Opinion: Google Analytics – security and sanity – is yours telling the truth?

Matt Stannard, CTO, 4Ps Marketing

In the last month, Tesco came under criticism from security experts for not using the Secure Socket Layer (SSL). This idea that passwords may be being stored insecurely by such a prominent household name raises the question as to how much emphasis firms put on data security and sanity as a whole.

In the Tesco example, security experts argue that if a system can email a user’s password to them, it is stored with reversible encryption (if, indeed, it is encrypted) making user data somewhat vulnerable, and that one-way cryptographic hashes should be used instead. Google have tried for some time to encourage users to use multi stage authentication.

SSL is something Google has been pushing and its search engine now defaults to the secure version for signed-in users, preventing keyword data being passed to websites.

So where else may sites be compromising on data security?
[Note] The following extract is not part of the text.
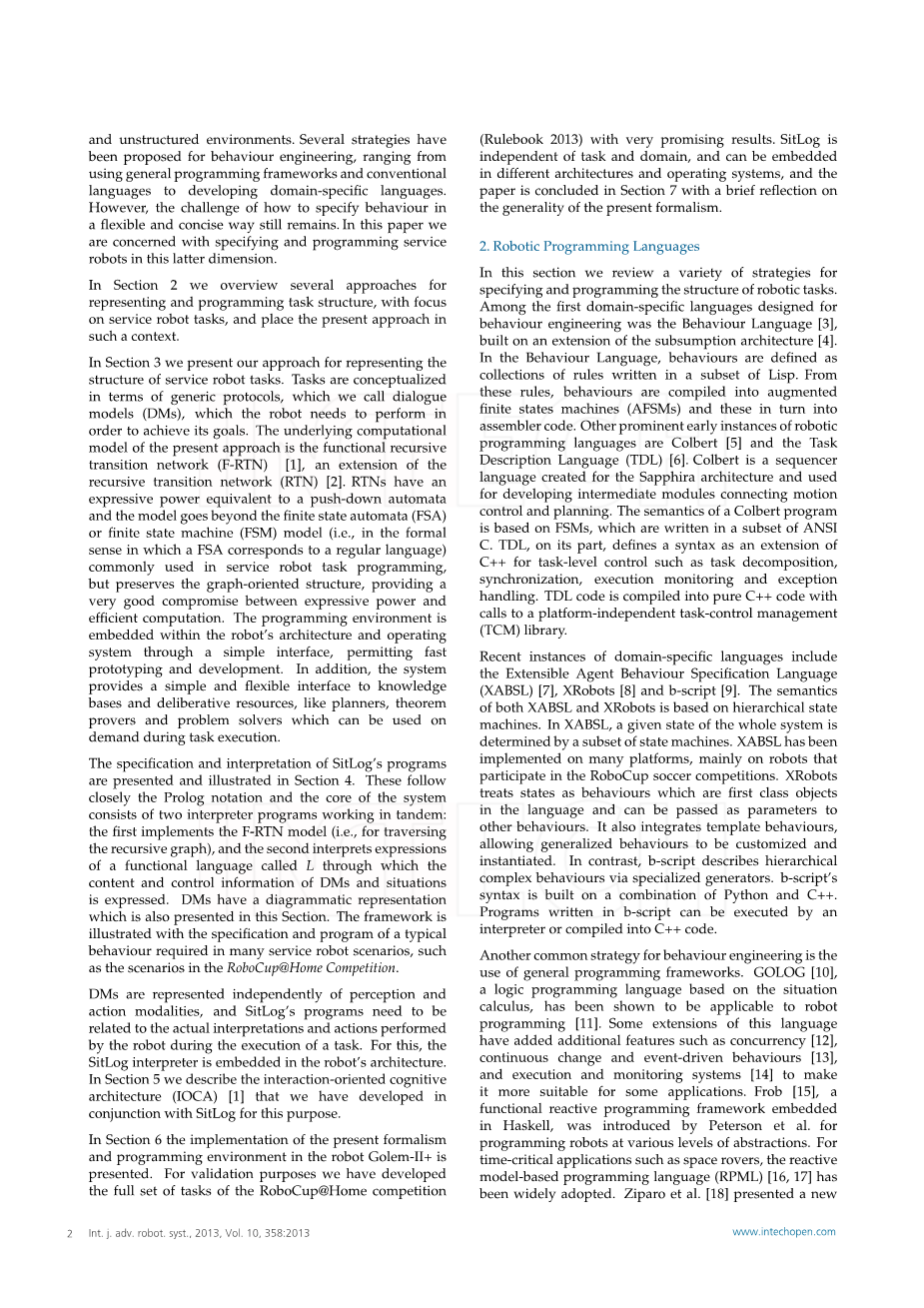 在第六节中,我们提出如何实现机器人Golem-Ⅱ的当代形式体系和编程环境。为了验证我们的目的,我们对RoboCup@Home Competition研发出了一整套的验证办法(见2013年蓝皮书),并取得了满意的结果。SitLog在工作及相关领域内独立存在,并且它应用于不同的体系结构和操作系统中。在本文第七节我们队当前的形式体系做了简单总结反思。

As strategic digital marketers we regularly look at data collected by web analytics packages such as Google Analytics, Omniture, DC Storm or CoreMetrics, as do millions of other users. Just how reliable is this data and how secure is it?

In terms of reliability, it is important to stress that some of this does depend upon how well the tracking code has been set up on a site and, indeed, whether there are any JavaScript syntax errors.

Looking at it from a security perspective is interesting. In terms of the actual Analytics account itself, it is probably pretty secure unless an unsuitable password is used. The data collected, on the other hand, is perhaps less secure. The reason for this is the way in which tracking beacons work.

Let’s look at Google Analytics for example. Google Analytics is a JavaScript package; this means it runs client side. By this, I mean the code is downloaded and executed by a user’s web browser.

The code below is a typical Google Analytics signature, one for the 4Ps Marketing website in fact. On the face of it, this doesn’t look insecure. I can, however, paste this code and execute it on any website, and if the analytics profile wasn’t set up correctly, the 4Ps Marketing website would start recording information that was not relevant, thus making reports inaccurate.

<script type=”text/javascript”>

var _gaq = _gaq || [];

_gaq.push([‘_setAccount’, ‘UA-4532898-1’]);

 _gaq.push([‘_trackPageview’]);

(function() {

var ga = document.createElement(‘script’); ga.type = ‘text/javascript’; ga.async = true;

ga.src = (‘https:’ == document.location.protocol ? ‘https://ssl’ : ‘http://www’) + ‘.google-analytics.com/ga.js’;

var s = document.getElementsByTagName(‘script’)[0]; s.parentNode.insertBefore(ga, s);

  })();

</script>

Perhaps of more interest is that rather than maliciously “spoof” traffic from site to site, JavaScript can be interrupted or executed in line with simple plug-ins for Google Chrome. This enables us to manipulate and even add additional information to be recorded by Google Analytics.

On the 4Ps Marketing website, we can pause the Google Analytics code using the built-in Script Debugger:

Add our own additional analytics code:

Which, after executing, feeds through to Google Analytics:

So, if this is the case with page tracking, does this hold true for e-Commerce tracking? Using the same technique as above, we can add some eCommerce tracking code:

Which, after executing, is recorded in Google Analytics:

On face value, it is quite unlikely that most individuals would take the time to pause code execution and edit the data passed back to Google Analytics, but it does show that it is possible.  Should a hacker wish to do so, they could distribute a plugin to maliciously “skew” data by injecting erroneous page views or orders.

Many organisations regularly report on the information within their Analytics package, which is why the web analytics team at 4Ps Marketing works with clients to review and sanity-check their data.  

When reviewing your data, ask yourself; does it make sense? In the ecommerce example, does dividing the item revenue by quantity give us the price of the item? This sounds like a simple sanity check but there have been examples of reports showing items retailing for £10.00 and being reported in a dashboard as worth £100.00.

As we rely more and more on data to facilitate and aid our decision-making processes, it is important that we understand shortcomings in collection mechanisms and are able to understand and check the picture it is painting. Technology will provide us with the raw data, but there will always be a need for the human question; does it make sense?